Tory MP Dubs Teachers' Union Leaders 'A Bolshevik And A Commie' Ahead Of Potential Strike

Jonathan Gullis previously said teachers thinking about striking are making sure "kids" continue "to suffer".
 Jonathan Gullis spoke out against the leaders of a main teachers' union
Jonathan Gullis spoke out against the leaders of a main teachers' union
Leon Neal via Getty Images

Jonathan Gullis slammed the leaders of the National Education Union on Monday, dubbing them a “Bolshevik” and a “Commie”.

Formerly a teacher, trade union member, and representative for the teaching union NASUWT, Gullis is now the Tory MP for Stoke-on-Trent.

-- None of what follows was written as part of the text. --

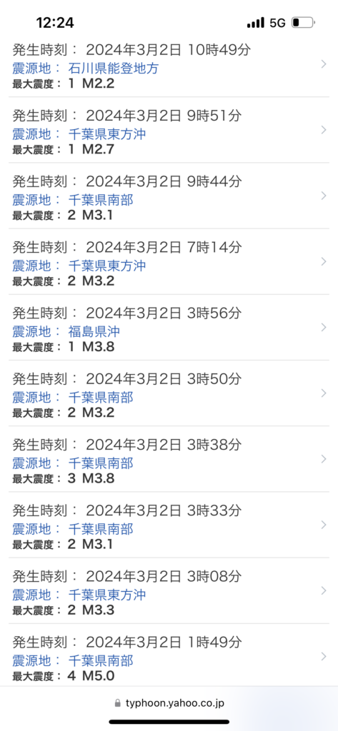 今は能登と千葉が同じような群発地震なので、警戒MAXでお願いします。

He attacked the joint NEU general secretaries Kevin Courtney and Mary Bousted when speaking to TalkTV on Monday, hours before union members announce the results of their strike ballots.

He dubbed the NEU the “Not Education Union” before getting personal.

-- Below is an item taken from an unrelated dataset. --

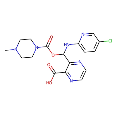 | CCSBASE_63087F0A59 | Zopiclone_met012 | [M+Na]+ | 429.1054 | 193.3 | CN1CCN(C(=O)OC(Nc2ccc(Cl)cn2)c2nccnc2C(=O)O)CC1 | small molecule | 1 | 26 | DT | single field, calibrated | |

Gullis said: ″Commie Courtney and Bolshevik Bousted have been working hard, desperately getting their strike that they’ve been so keen for because they’re Labour Party members, they’re Labour Party agitators who want to make sure they bring the Conservative government, and get an early general election.”

The NEU is the UK’s largest education union with 450,000 members. On its website, it says it does not affiliate to and does not financially support any political party, supposedly making it the largest unaffiliated union in the UK.

The Conservatives have tried to associate the Labour Party with the public sector strike action in recent months.

Labour has promised to oppose the government’s proposed legislation which would restrict the ability to strike for those in the public sector, but leader Keir Starmer has repeatedly refused to back the striking employees.

In July, he sacked his own shadow transport minister Sam Tarry for joining the picket line with rail workers.

While criticising potential strike action, Gullis suggested that the main problem with teaching was the workload.

He suggested should be more conversation around managing that – because teaching is “not a badly paid profession”.

Gullis claimed that when he left teaching he was on £50,000 when he was in a middle leadership role.

Talk TV host Julia Hartley-Brewer then claimed that many NEU members were “political activists, they’d go out to strike at the drop of a hat”, while Gullis nodded in agreement.

The Tory backbencher, who was an education minister briefly under Liz Truss, also said he didn’t think teachers should be striking because the priority needs to be pupils and parents.

This isn’t the first time Gullis has targeted those leading the teaching unions.

He told the Commons last week: “I am very worried about seeing teachers going on strike because it’s the pupils that will suffer the most, particularly disadvantages pupils from areas like Stoke-on-Trent North, Kesgrave and so on.

“And while I am a huge admirer of the incredible work teachers do, they are sadly being cajoled by baron bosses in unions like the Not Education Union, led by Bolshevik Bousted and Commie Courtney, with their Labour mates to force teachers out of the classes and make sure that kids continue to suffer.

“What can we do to make sure pupils will not be victims any further?”